Records shown >>

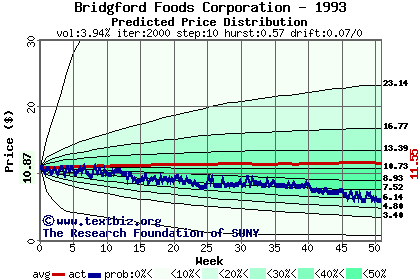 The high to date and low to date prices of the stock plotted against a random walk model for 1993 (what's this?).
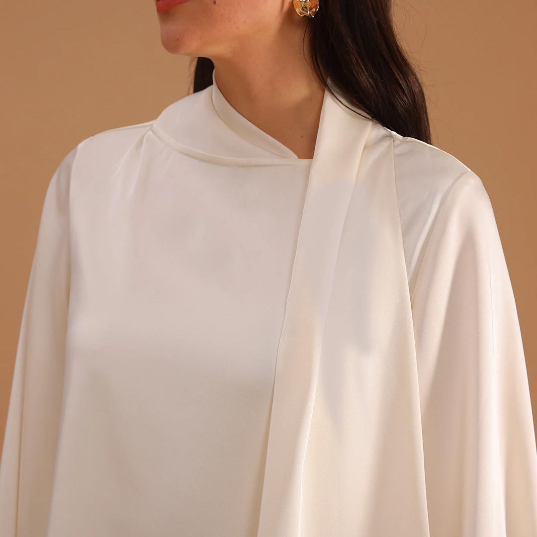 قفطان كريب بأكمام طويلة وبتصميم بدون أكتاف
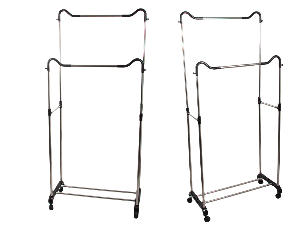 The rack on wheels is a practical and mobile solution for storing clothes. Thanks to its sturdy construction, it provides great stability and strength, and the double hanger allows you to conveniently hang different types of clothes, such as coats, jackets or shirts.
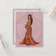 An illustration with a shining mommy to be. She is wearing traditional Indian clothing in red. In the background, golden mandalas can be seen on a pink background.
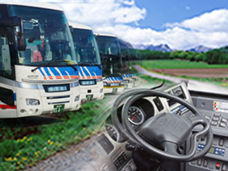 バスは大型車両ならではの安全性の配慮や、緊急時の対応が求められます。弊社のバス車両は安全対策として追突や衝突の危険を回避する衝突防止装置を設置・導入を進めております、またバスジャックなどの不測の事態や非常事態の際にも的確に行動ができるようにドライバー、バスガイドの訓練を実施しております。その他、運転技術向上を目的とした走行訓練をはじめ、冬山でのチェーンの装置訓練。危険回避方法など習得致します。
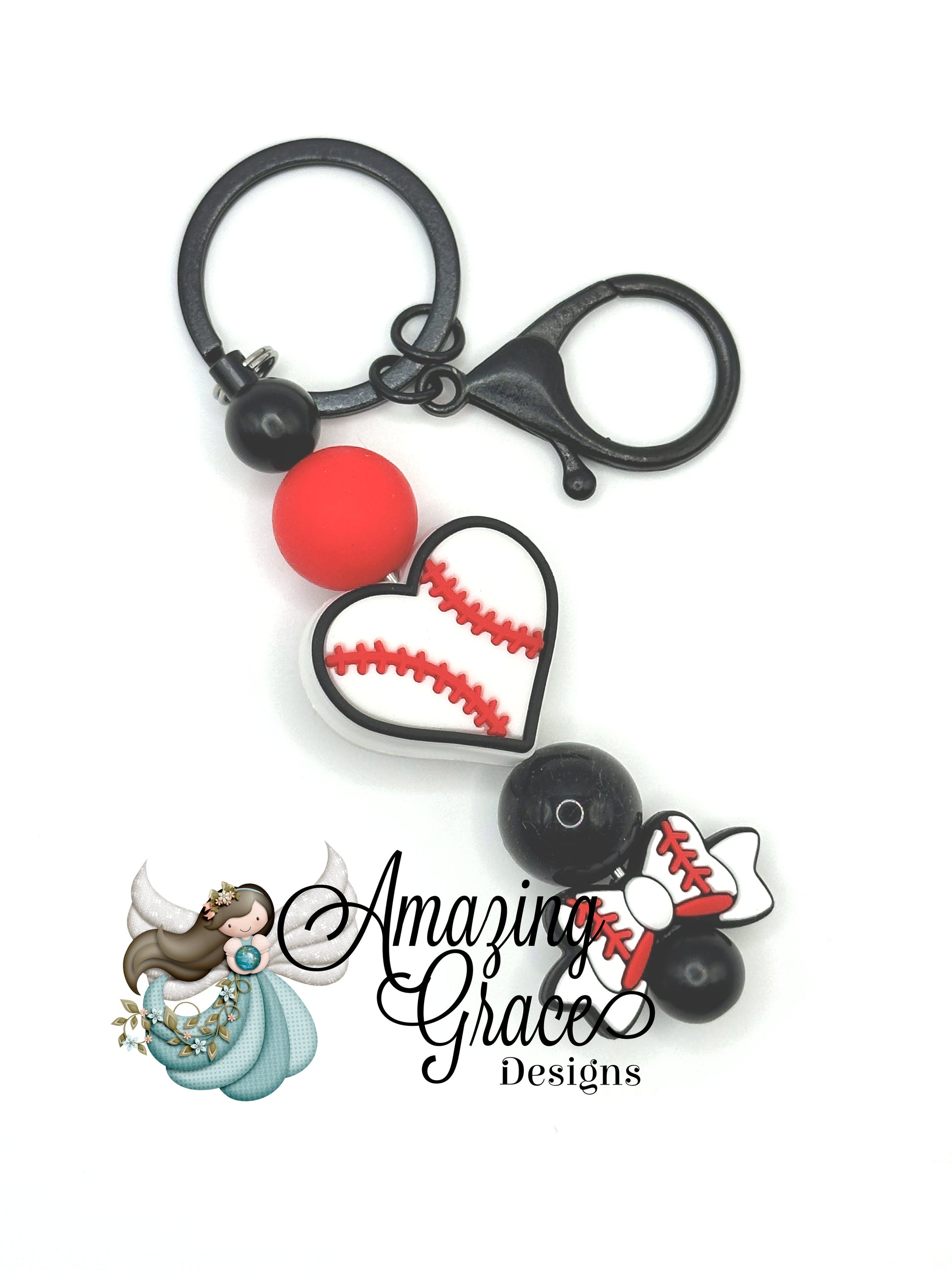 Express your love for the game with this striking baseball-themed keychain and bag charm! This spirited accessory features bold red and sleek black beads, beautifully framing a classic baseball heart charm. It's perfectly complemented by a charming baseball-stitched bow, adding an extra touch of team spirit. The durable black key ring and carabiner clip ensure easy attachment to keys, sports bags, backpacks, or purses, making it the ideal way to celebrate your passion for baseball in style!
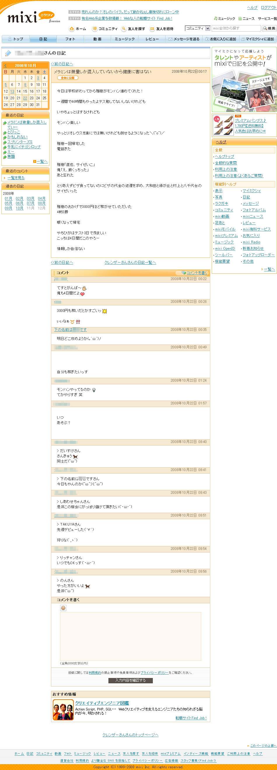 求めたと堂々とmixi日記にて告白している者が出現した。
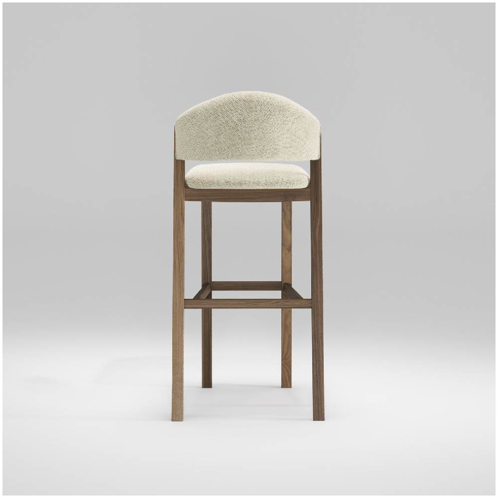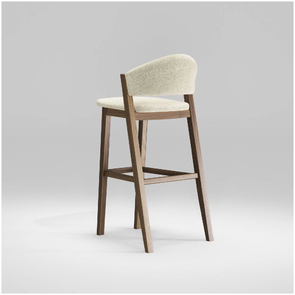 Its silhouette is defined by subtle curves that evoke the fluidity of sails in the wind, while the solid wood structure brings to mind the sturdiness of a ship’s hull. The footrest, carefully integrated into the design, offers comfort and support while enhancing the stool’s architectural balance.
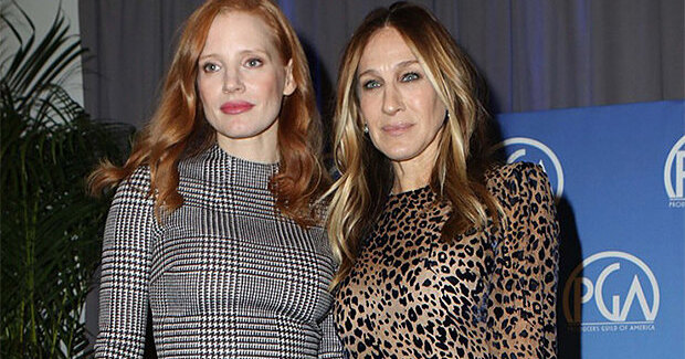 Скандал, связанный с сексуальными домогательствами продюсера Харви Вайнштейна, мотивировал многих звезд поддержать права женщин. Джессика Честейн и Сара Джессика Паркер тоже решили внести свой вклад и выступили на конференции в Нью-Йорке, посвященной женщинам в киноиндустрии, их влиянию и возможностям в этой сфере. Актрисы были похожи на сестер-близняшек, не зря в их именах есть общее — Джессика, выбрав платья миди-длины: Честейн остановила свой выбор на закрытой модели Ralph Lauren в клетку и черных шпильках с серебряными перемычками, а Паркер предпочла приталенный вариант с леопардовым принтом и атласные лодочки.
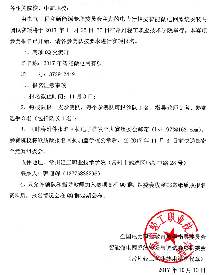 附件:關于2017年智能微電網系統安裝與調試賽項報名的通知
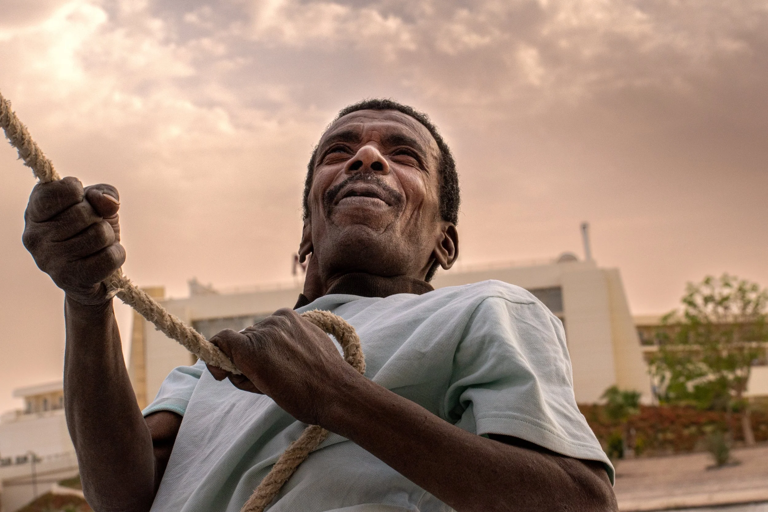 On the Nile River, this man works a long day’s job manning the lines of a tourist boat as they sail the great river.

...

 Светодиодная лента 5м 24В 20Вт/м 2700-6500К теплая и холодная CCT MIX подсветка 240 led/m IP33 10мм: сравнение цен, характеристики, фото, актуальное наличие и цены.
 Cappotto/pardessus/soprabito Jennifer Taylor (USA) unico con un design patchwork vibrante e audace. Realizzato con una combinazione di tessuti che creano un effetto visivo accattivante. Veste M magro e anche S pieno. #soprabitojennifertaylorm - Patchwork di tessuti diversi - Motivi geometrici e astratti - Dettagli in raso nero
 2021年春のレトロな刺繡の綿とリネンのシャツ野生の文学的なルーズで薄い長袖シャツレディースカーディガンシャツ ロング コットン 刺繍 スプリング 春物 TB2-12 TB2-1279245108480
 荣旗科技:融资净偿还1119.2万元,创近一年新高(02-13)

---

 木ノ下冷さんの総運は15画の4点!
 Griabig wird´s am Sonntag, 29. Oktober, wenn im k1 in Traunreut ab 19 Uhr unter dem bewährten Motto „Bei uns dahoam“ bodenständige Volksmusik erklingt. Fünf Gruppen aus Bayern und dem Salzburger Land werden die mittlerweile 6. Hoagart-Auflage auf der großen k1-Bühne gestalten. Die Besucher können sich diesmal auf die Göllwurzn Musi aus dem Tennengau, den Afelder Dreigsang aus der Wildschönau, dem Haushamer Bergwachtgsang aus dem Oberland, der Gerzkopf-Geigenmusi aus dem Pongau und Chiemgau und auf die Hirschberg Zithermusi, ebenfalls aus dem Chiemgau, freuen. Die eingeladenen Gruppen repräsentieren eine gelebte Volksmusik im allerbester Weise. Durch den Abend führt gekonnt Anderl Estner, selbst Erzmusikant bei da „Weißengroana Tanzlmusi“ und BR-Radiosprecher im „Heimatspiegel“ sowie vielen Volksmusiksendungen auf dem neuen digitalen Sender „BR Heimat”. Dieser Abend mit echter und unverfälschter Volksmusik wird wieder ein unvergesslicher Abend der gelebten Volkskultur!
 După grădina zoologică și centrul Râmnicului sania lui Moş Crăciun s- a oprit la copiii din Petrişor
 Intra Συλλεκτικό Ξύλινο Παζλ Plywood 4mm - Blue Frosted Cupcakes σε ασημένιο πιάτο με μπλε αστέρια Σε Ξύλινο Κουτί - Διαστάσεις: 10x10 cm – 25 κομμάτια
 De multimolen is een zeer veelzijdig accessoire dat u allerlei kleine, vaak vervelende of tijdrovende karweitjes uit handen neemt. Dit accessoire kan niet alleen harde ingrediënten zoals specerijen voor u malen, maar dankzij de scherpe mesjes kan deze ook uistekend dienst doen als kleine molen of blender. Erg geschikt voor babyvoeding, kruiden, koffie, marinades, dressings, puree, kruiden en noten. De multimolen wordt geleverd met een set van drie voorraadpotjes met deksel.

Activity >> An exact copy of the lines above from the one with "The high to" up to and including the one with "An illustration with" is required; reproduce only those lines, omitting all pictures.

Task output >>
 The high to date and low to date prices of the stock plotted against a random walk model for 1993 (what's this?).
 قفطان كريب بأكمام طويلة وبتصميم بدون أكتاف
 The rack on wheels is a practical and mobile solution for storing clothes. Thanks to its sturdy construction, it provides great stability and strength, and the double hanger allows you to conveniently hang different types of clothes, such as coats, jackets or shirts.
 An illustration with a shining mommy to be. She is wearing traditional Indian clothing in red. In the background, golden mandalas can be seen on a pink background.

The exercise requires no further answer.